Todos los hombres de Sauquillo se levantaron como guindilla en ojete, montaron sus caballos y siguieron las órdenes del propio Sauquillo y tres de los hombres con los que habíamos compartido la charla mientras Serra sin levantar los ojos de la polvorienta tierra me susurró Será mejor que se marche, gachupín, las cosas se van a poner feas. Yo trataré de ayudarle en su huida. Este no es más un lugar seguro. Hablaba Reinaldo Serra como si fuese más importante lo que callaba que lo que decía. Pero yo no quiero huir... quiero conocer el final de esta historia Espeté. Sí, mi compadre, usté quiere saber... pero debe saber que ese final puede ser el suyo como será el mío.

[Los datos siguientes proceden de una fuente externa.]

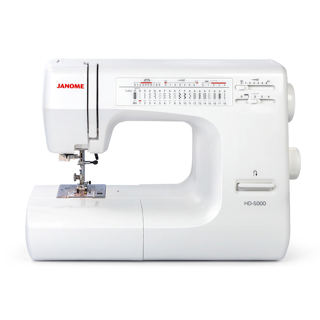 Janome's HD-5000 Heavy Duty Sewing Machine is great for those looking to sew bulky or thicker fabrics. This streamlined machine offers all the convenience of higher-end machines without breaking the bank. The HD-5000 is a mechanical machine that offers 18 stitches, a one-step buttonhole, a drop feed, a free arm, a built-in bobbin winder, 860 stitches per minute, and more. To make your sewing experience easier, Janome has included a helpful instructional guide in the machine's top tray door that indicates the feet and stitch settings for various sewing tasks. Stitch length and width adjustment are conveniently located on the front of the machine, and a hardcover comes standard for easy storage. Janome built the HD-5000 with an all-metal frame that gives you the tools you need to handle any kind of sewing project.
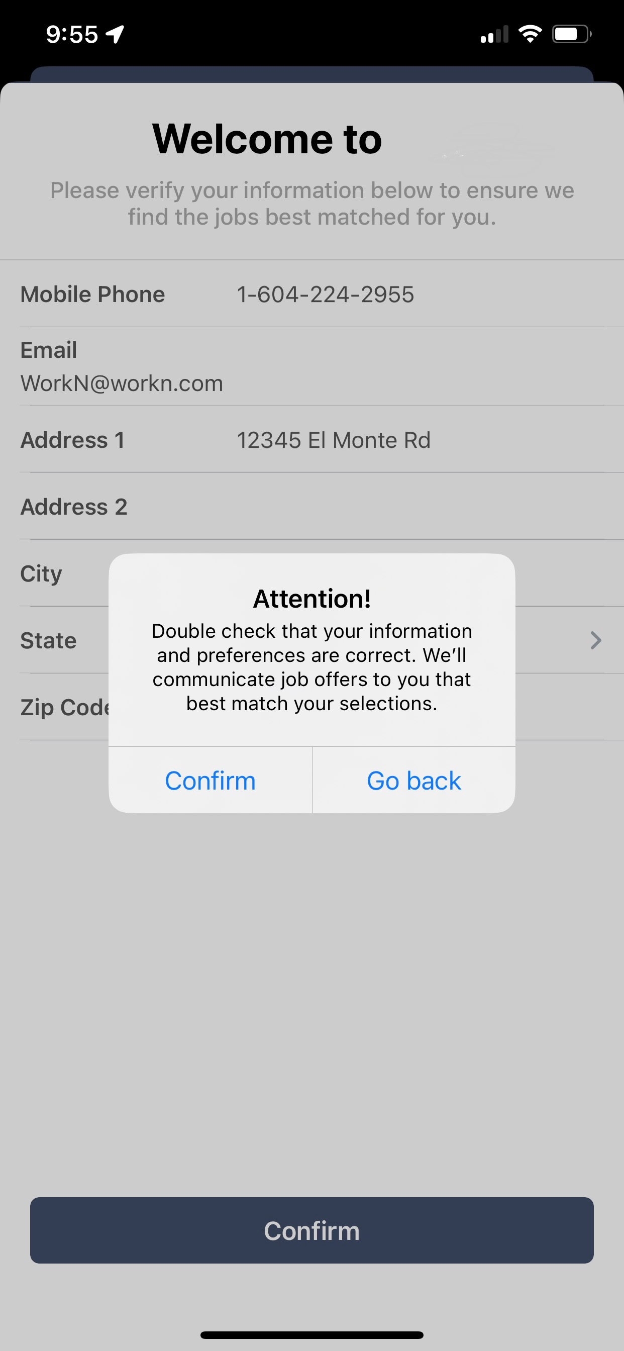Depending on your integration setup, the Welcome Page can also allow WorkN to remove some of the required profile data for talent to receive smart links.
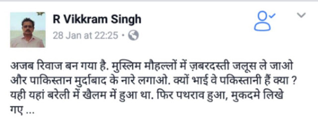 28 जनवरी को की गई अपनी एक पोस्ट में जिलाधिकारी कैप्टन राघवेंद्र विक्रम सिंह ने लिखा था कि “अजब रिवाज बन गया है। मुस्लिम मुहल्लों में जबर्दस्ती जुलूस ले जाओ और पाकिस्तान मुर्दाबाद के नारे लगाओ। क्यों भाई वे पाकिस्तानी हैं क्या? यही यहां बरेली में खैलम में हुआ था। फिर पथराव हुआ, मुकदमे लिखे गए…।”
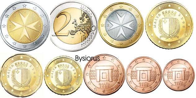 Na monetach 1 € i 2 € widnieje symbol Suwerennego Zakonu Kawalerów Maltańskich, którzy w latach 1530-1798 sprawowali panowanie nad wyspą. W tym okresie krzyż ten zaczął być kojarzony z Maltą, a dziś często określany jest mianem krzyża maltańskiego.

Quedaron muy pocos hombres en aquel campamento, y los que había no querían platicar. A todos les goteaba el miedo de la nariz, sus rictus eran serios, sus ojos semicerrados o perdidos en el horizonte huían del enemigo y la fina arena del desierto que levantaba juguetón el viento, sus bocas pastosamente sedientas escupían tabaco, los cuerpos medio inertes se apoyaban en sus armas. Eventualmente alcanzábamos a oir algún disparo probablemente perdido. Nada indicaba que fuese la batalla final. A Sorano no le quedaban muchos hombres apoyándole y lo más probable es que aquellos que se acercaban fueran desertores.

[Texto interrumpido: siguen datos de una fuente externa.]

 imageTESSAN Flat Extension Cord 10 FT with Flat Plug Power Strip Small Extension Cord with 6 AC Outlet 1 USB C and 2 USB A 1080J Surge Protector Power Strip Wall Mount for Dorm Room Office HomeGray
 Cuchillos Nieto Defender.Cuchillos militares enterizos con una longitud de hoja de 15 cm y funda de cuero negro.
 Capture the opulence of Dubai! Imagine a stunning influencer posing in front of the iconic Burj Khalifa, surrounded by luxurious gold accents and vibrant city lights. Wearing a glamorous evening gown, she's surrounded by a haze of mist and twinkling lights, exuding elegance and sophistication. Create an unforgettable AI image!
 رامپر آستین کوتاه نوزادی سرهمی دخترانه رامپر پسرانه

Dos horas más tarde del último disparo aparecieron los primeros rufianes de vuelta con un bulto, como saco de papas en las grupas de uno de los caballos, que resultó ser uno de los que pretendían traicionar a Sorano. Le arrojaron al suelo y ni corto ni perezoso uno de los vigilantes se acercó a orinarle sobre las heridas. Algunos otros se asomaron también para maltratarle. Un perro eso es lo que es Gritó uno de ellos antes de que otro aparentemente con más galones les separó y dejó que el pobre muchacho que no alcanzaba los dieciocho años de edad pudiese descansar un rato. Parecía que se olvidaron de él y me acerqué a aproximar a sus labios las últimas gotas de agua que quedaban en mi cantimplora. Deme güisqui, compadre... suplicó, ándele, guey, deme algo más fuerte, para qué quiero yo agua en mi lecho de muerte, gachupín... ¡Un momento! ¿Cómo sabía ese hombre que yo era gachupín si no había abierto la boca? Traté de limpiar su tiznada cara y apartarle el pelo de los ojos, me deshice sin muchos problemas de su débil resistencia hasta que le reconocí...

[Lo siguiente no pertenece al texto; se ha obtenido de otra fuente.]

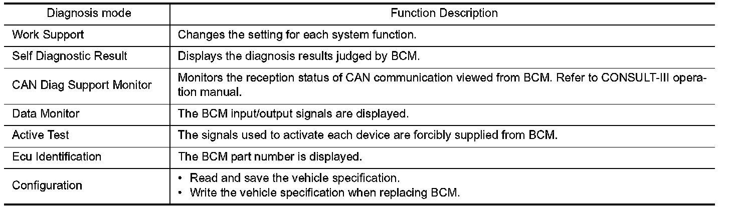 CONSULT-III performs the following functions via CAN communication with BCM.
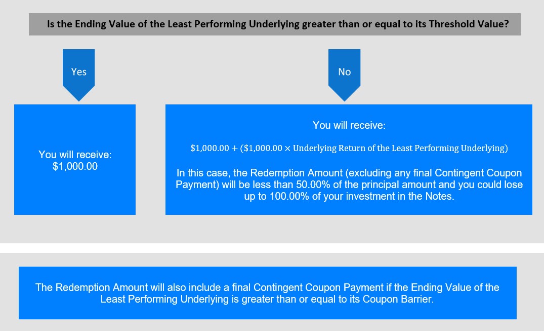 In this case, the Redemption Amount (excluding any final Contingent Coupon Payment) will be less than 50.00% of the principal amount and you could lose up to 100.00% of your investment in the Notes. The Redemption Amount will also include a final Contingent Coupon Payment if the Ending Value of the Least Performing Underlying is greater than or equal to its Coupon Barrier. |
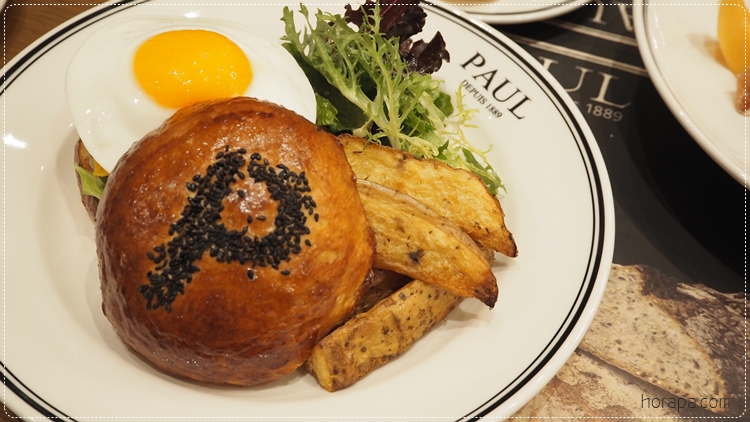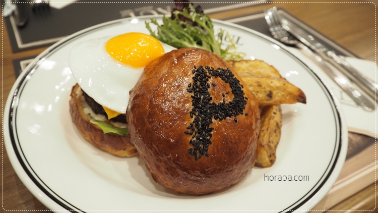 ขนมปังที่ใช้ในเบอเกอร์นี่ไม่ธรรมดานะคะ นอกจากจะมีงาเป็นรูปตัว P แล้ว เนื้อขนมปังยังอร่อยมาก
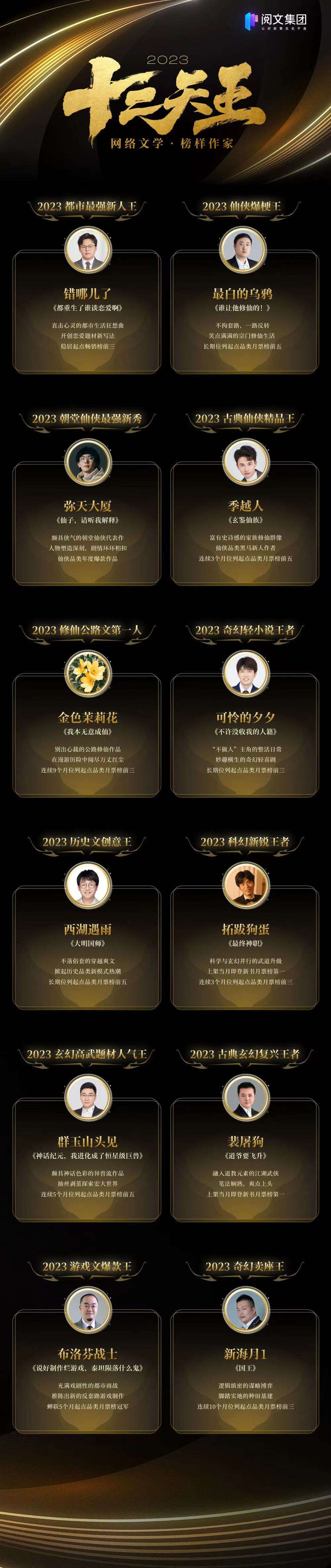 1月10日,阅文集团发布了新一年网络文学榜样作家“十二天王”的榜单。错哪儿了、金色茉莉花、季越人、可怜的夕夕、弥天大厦、西湖遇雨、最白的乌鸦等十二位新锐作家跻身“十二天王”。榜单上的作家及其作品集结了仙侠、都市、历史、奇幻、玄幻、轻小说、游戏等多个题材,或为网络文学的繁荣创作开启了全新篇章,而这12位作家,属于他们的时代,或许这才刚刚开始。
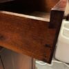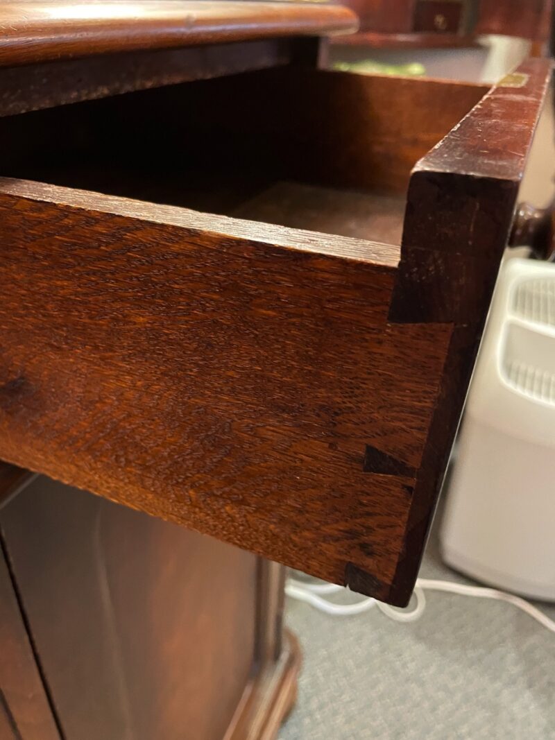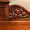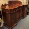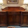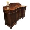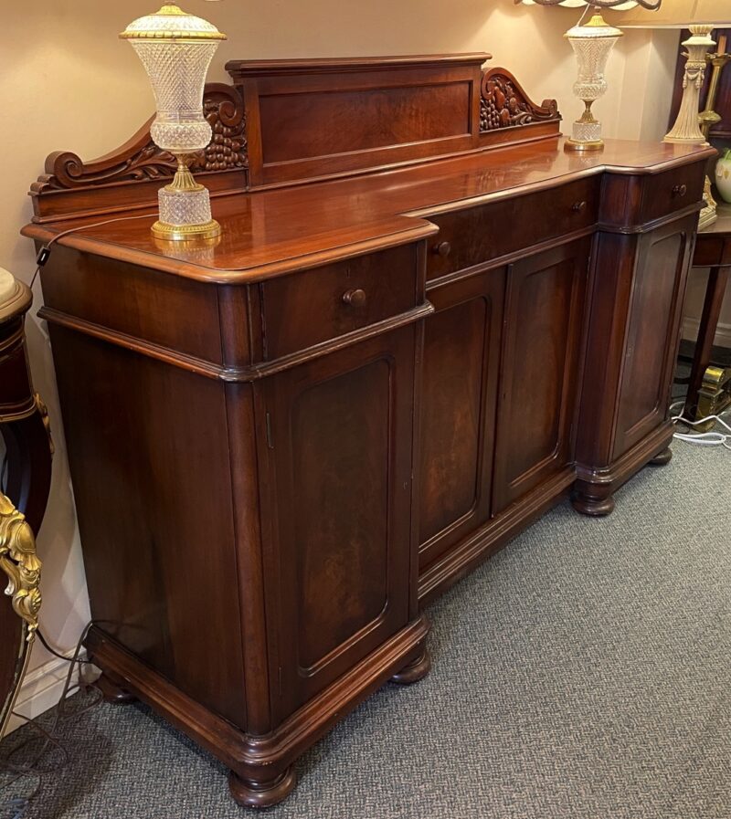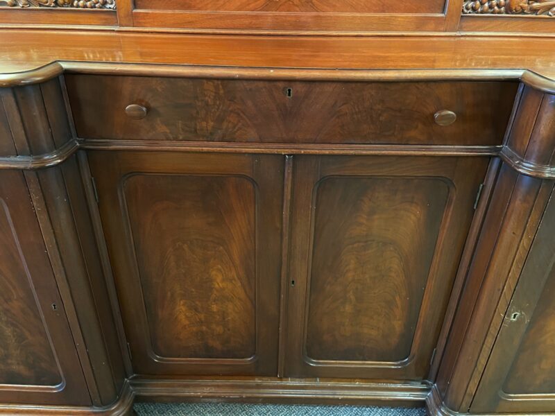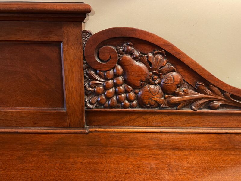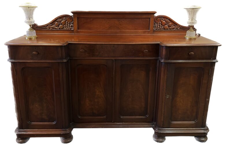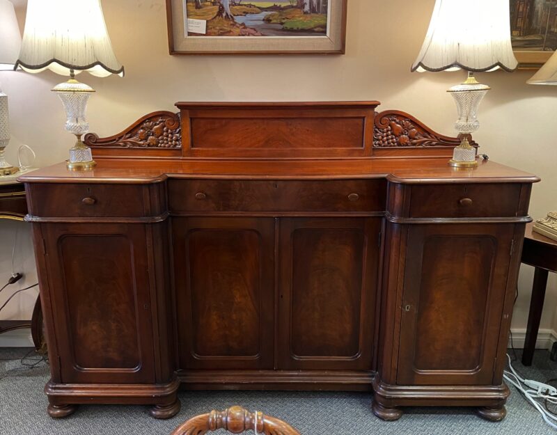A handsome William IV style mahogany buffet with backboard that has hand carved fruit motif ends.  The buffet has a great deal of storage with 4 doors that open with each having shelves or drawers inside.  There are also 3 cutlery drawers on above each door – 2 singles and 1 extra wide.  Hand carved fruit decorates each end of the backboard, otherwise the buffet is very plain.

Aunque no había pasado más de una semana desde la primera vez que le ví su aspecto había cambiado muchísimo, como si una semana vagando por el desierto fuesen cinco años entre seres civilizados... y pensé en cómo sería mi aspecto... y corrí en busca de ese pequeño riachuelo a mirarme la cara en su reflejo. Pese a que temblaba como la primera vez ya no era el niño tembloroso que ví entre los hombres de Sauquillo el maldito día en que me crucé con ellos por primera vez en mi vida. Levanté la cara de aquel arroyo y me giré siguiendo los gritos horrorizados del crío ante el atosigamiento de los secuaces de Sauquillo Toma, putito, tú nos metiste en esta, no debiste nacer, maricón increpaba el más violento de todos asestándole una tras otra mil patadas en el abdomen. Era evidente que aquél muchacho no contaba con las simpatías de aquellos hombres. Era evidente que aquél era el hijo de Román Sauquillo.